Sim Soo-bong
Sim Soo-bong | |
---|---|
Birth name | Sim Min-kyung |
Born | September 11, 1955 |
Origin | Seosan, South Chungcheong |
Genres | teuroteu |
Occupation(s) | Singer, Songwriter |
Years active | 1978–present |
Website | http://www.simsoobong.com |
Birth name | |
Hangul | 심민경 |
---|---|
Hanja | 沈玟卿 |
Revised Romanization | Sim Min-gyeong |
McCune–Reischauer | Sim Min-gyŏng |
Stage name | |
Hangul | 심수봉 |
Hanja | 沈守峰 |
Revised Romanization | Sim Su-bong |
McCune–Reischauer | Sim Su-bong |
Sim Min-kyung[1] (born, arguably, September 11, 1955) is South Korean singer known professionally as Sim Soo-bong. When she was a senior at Myongji University, she debuted in 1978 through MBC College Song Contest (Korean: MBC 대학가요제) at which she performed her self-composed song "Geuddae Geu Saram" (그때 그사람).
Personal life
She was born to a Korean traditional folk song collector, Sim Jae-deok, who was a Korean traditional music lecturer in Ewha Womans University. He died when Sim was 3 years old. Her uncle, Sim Sa-geon, was a Pansori singer and her aunt, Sim Hwa-yeong, was a traditional dancer, Seungmu. Her mother had been a student of her father.
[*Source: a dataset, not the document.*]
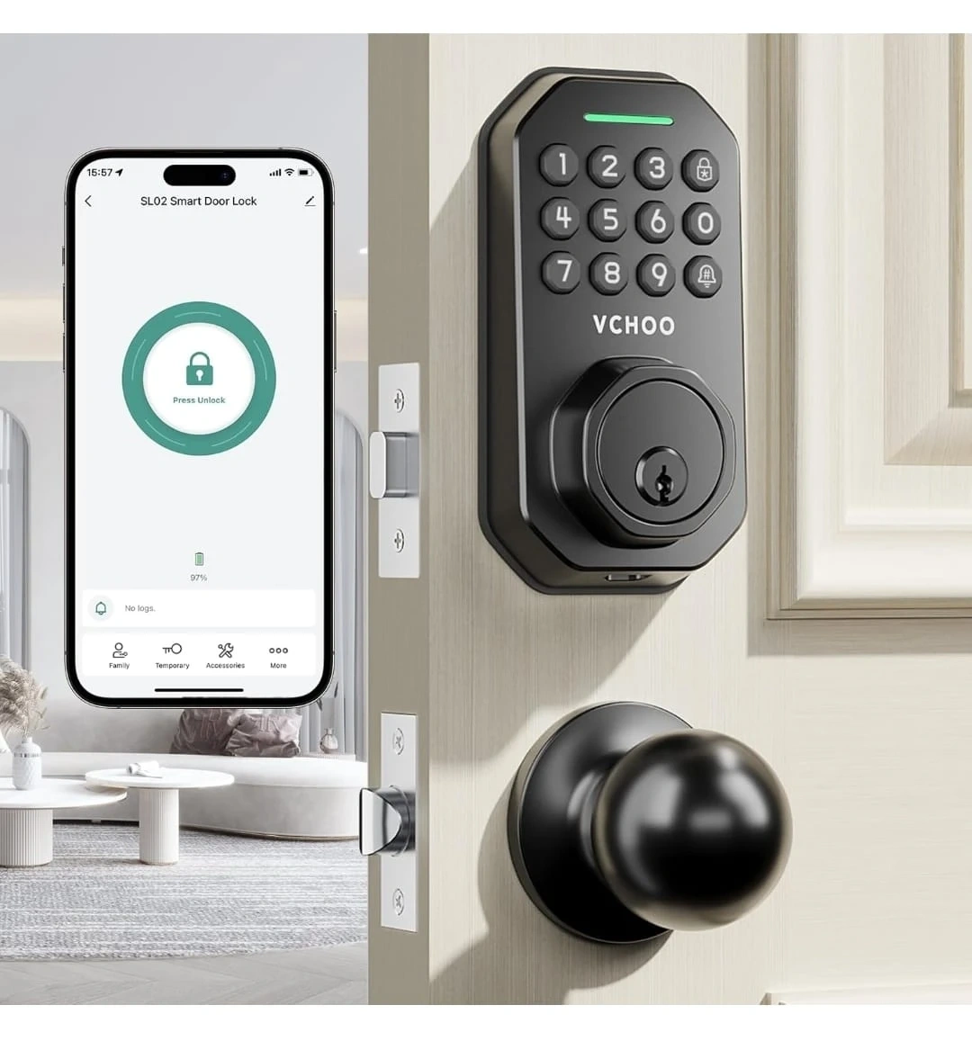 This VCHOO keyless entry door lock offers multiple ways to unlock, including app control, 100 user codes, one-time codes, and 2 spare keys. It also features WiFi control. It's designed for US left-handle and right-handle standard doors.
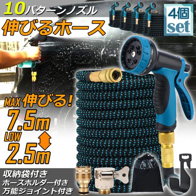 ホース 散水ホース 4個セット ホースリール 伸縮ホース 伸びるホース 洗車ホース 3倍に伸びる 10パターンノズル 超軽量 伸びるホースノズル 散水ノズル コンパクト収納 洗車 ガーデニング 庭 ベランダ 玄関 散水 大掃除 収納袋 付き

Sim learned to play the piano when she was an elementary school student in Seosan, and later she came to Seoul and attended Eunro Elementary School in Heukseok-dong after her mother had been divorced from a second husband. By 13, she was adept at playing drum, piano, and guitar.[1]
At that time, she suffered from an unknown disease causing her to quit school. She retreated to a small island near Incheon, and her mother devoted herself to a new cult. She graduated from Inhwa Women's High School in Incheon.
Career as a singer
She met trot singer Nah Hoon-ah in 1975 who was a top singer at that time. Nah was impressed by her singing and introduced to Sinsegi Records but her album was not able to come out to the market because the record company did not think that it would be successful.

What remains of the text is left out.